Lovejoy teaches the concept of a user (via their computer) performing online editing of multimedia content.  Such editing includes indicating background music amongst several candidates (See Figure 5).  The resultant synthesized multimedia content (with the background music selected by the user) can be downloaded (i.e. transmitted to the user’s terminal device) as shown in Figure 10.  The combination would result in a user being able to manually select a background music candidate amongst the recommended background music candidates of Newell and Shah and subsequently download the synthesized content (with the manually selected background music candidate) on their devices.  

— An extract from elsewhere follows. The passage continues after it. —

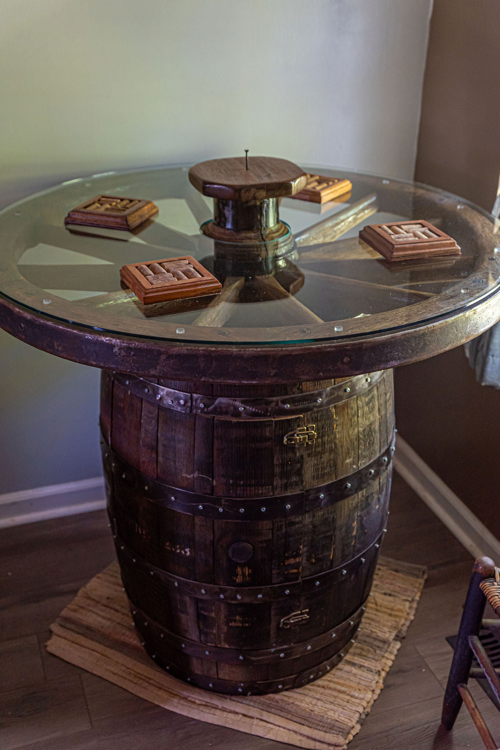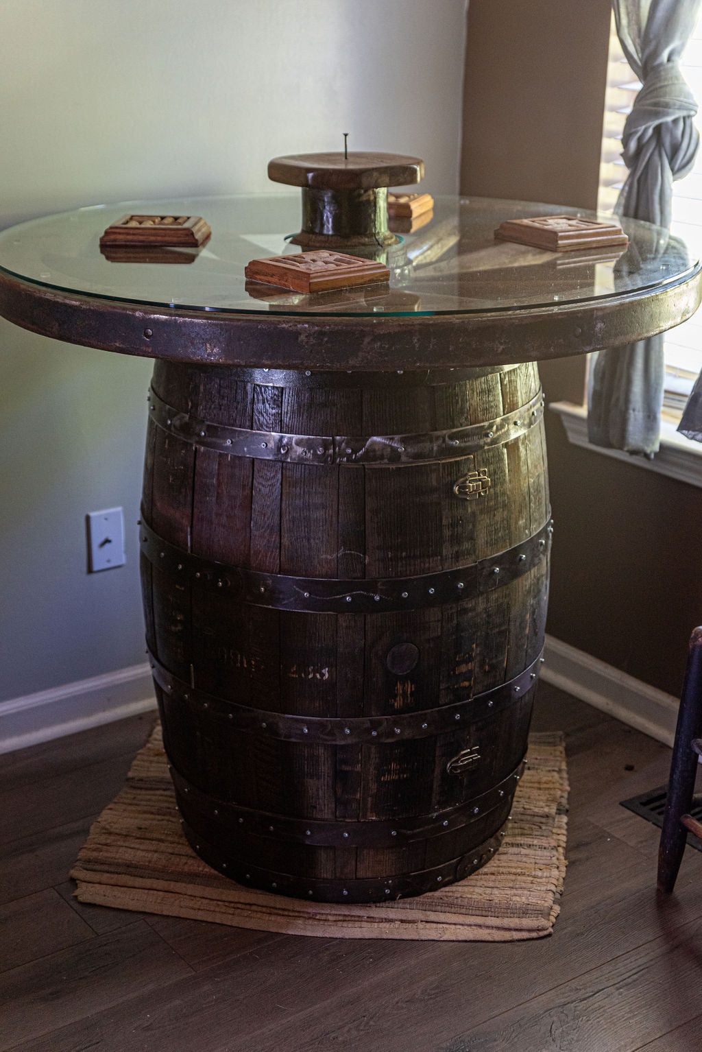 Authentic 42 inch wagon wheel set into a whiskey barrel. The door accesses the lazy susan that turns to display and conveniently store your goods. The 1⁄4 inch glass top makes a comfortable table or bar with visibility of the authenticity and character of the wagon wheel and whiskey barrel.

	It would have been obvious to one of ordinary skill in the art before the effective filing date of instant invention to combine the teachings of the cited references because teaching Lovejoy’s would have allowed Newell’s and Shah’s to provide a method for more easily allowing users to edit multimedia content, as noted by Lovejoy (Paragraph 2).
12.	Claim 6 is rejected under 35 U.S.C. 103 as being unpatentable over Newell et al. (U.S. PGPUB 2017/0257595) in view of Shah et al. (Article entitled “ADVISOR – Personalized Video Soundtrack Recommendation by Late Fusion with Heuristic Rankings”, dated 07 November 2014) as applied to claims 1, 3, 10, 11-12, 16, and 18 above, and further in view of Sarakit (Article entitled “A Music Video Recommender System Based on Emotion Classification on User Comments”, dated 2015).
13.	Regarding claim 6, Newell further teaches a method comprising:
A)  obtaining the matched music matching the at least one visual semantic tag based on the at least one visual semantic tag (Paragraphs 66 and 69).
	The examiner notes that Newell teaches “obtaining the matched music matching the at least one visual semantic tag based on the at least one visual semantic tag” as “the server 18 may select music to include in a soundtrack for the secondary video recording, based on the mental state keyword in the primary metadata. For example, the server 18 may detect the keyword "happy" in the primary metadata. Based on the keyword, the server 18 may search through a popular music library for a song that is identified as a happy song, or a song appropriate as a soundtrack for a happy video” (Paragraph 66) and “The server 18 may select, as a candidate to include 
	Newell does not explicitly teach:
A)  and by using a pre-trained music search model. 
	Shah, however, teaches “and by using a pre-trained music search model” as “the ADVISOR system consists of two parts: an offline training and an online processing component. Offline a training dataset with geo-tagged videos is used to train SVMhmm models that map videos to mood tags” (Page 607) and “The sensor data streams are mapped to a geo feature G, and a visual feature F is calculated from the video content. With the trained models, G and F are mapped to mood tags. Then, songs matching these mood tags are recommended” (Page 608).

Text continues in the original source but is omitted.